Стиснув зубы, чтобы не застонать от душевной боли и нетерпения, Вирайя крепко держит руль баржи.
Пенится под винтом синеющая вода, и морские чайки вспарывают безбрежное устье, ни разу не промахиваясь по мелкой рыбе. Становится свежо и солоно на губах…
Глава XIX
Уходит баржа — заново просмоленная и покрашенная, кормой вперед отползает от причала. Движок чихает, выплевывая синий дым и густую пену. Удаляется пристань с черными кольцами автопокрышек на стенке. Песчаный купол берега пуст. Под навесом, на крашеных голубых досках — одна- единственная застывшая фигура. Плотный, дочерна загорелый Избранный в шортах и белой шляпе. Вот он медленно, словно через силу поднял руку и помахал. Пока еще можно что-нибудь крикнуть, Избранный на пристани услышит и ответит, — но зачем? Все уже сказано…
…Тогда, в день прибытия, они выжимали из расшатанной посудины все возможное, — земля маячила на горизонте вторые сутки, в полном свете бога-разрушителя отблескивали ночью пески. Пилот насиловал движок, надорванный переходом через два моря, и вслух мечтал о том, как он выкинет собакам все запасы осточертевшей рыбы. Дана, опустив ресницы, молча улыбалась своей блуждающей улыбкой. Радость ее была видна лишь по быстрым, лихорадочным движениям, которыми Дана подсовывала щепки под котел опреснителя… А желто-серая полоса делалась все шире, вспучивалась холмами. За восточным мысом открылась иссиня-зеленая гладь гигантского рукава дельты.

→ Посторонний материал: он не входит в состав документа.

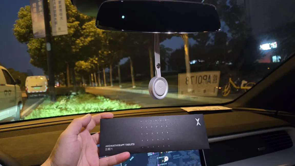 2、官网香薰挂件,这个挂件挺重的,而且磁吸设计,装上去真的非常好看,简约的美,而且非常推荐晚香凝玉,味道真的跟酒店大堂的味道,很淡而且非常好闻(原厂送3片不同味道,大家新车提车后,会送50.1抵50的优惠券,大家可以买8元买6个香片,这个还是非常划算的)
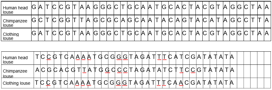 Question 3Calculate the number of base pair mutations that have occurred between the human head louse and the chimpanzee louse. Use this information to determine a molecular clock for how many years it takes for 1 base to mutate. (1 mark)
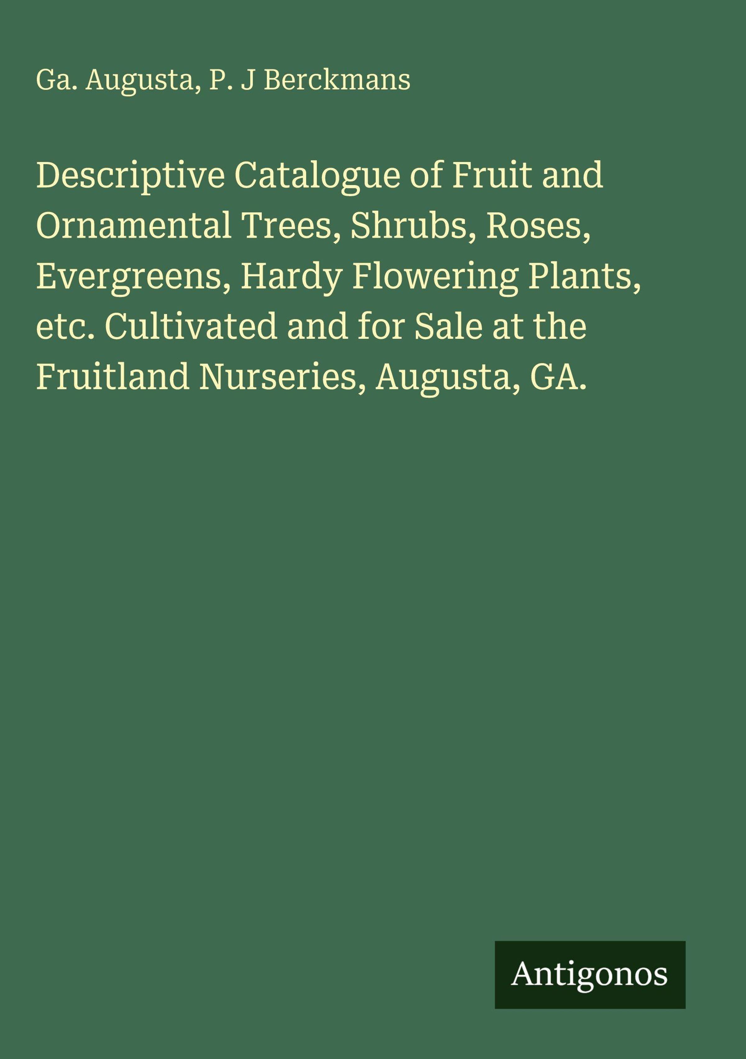 Descriptive Catalogue of Fruit and Ornamental Trees, Shrubs, Roses, Evergreens, Hardy Flowering Plants, etc. Cultivated and for Sale at the Fruitland Nurseries, Augusta, GA.

Эанна не только возобновлял передачу, но и круглые сутки держал включенным радиомаяк, — усыпительно повторяющийся гудок, — и Вирайя, натасканный пилотом, прокладывал курс… Потом маяк стал лишним. Они увидели голубой поплавок у подножия склона и колею, взбирающуюся наверх. Увидели, как бежит толпа, облепляя песчаный холм; как люди расступают перед ползущим камуфлированным вездеходом…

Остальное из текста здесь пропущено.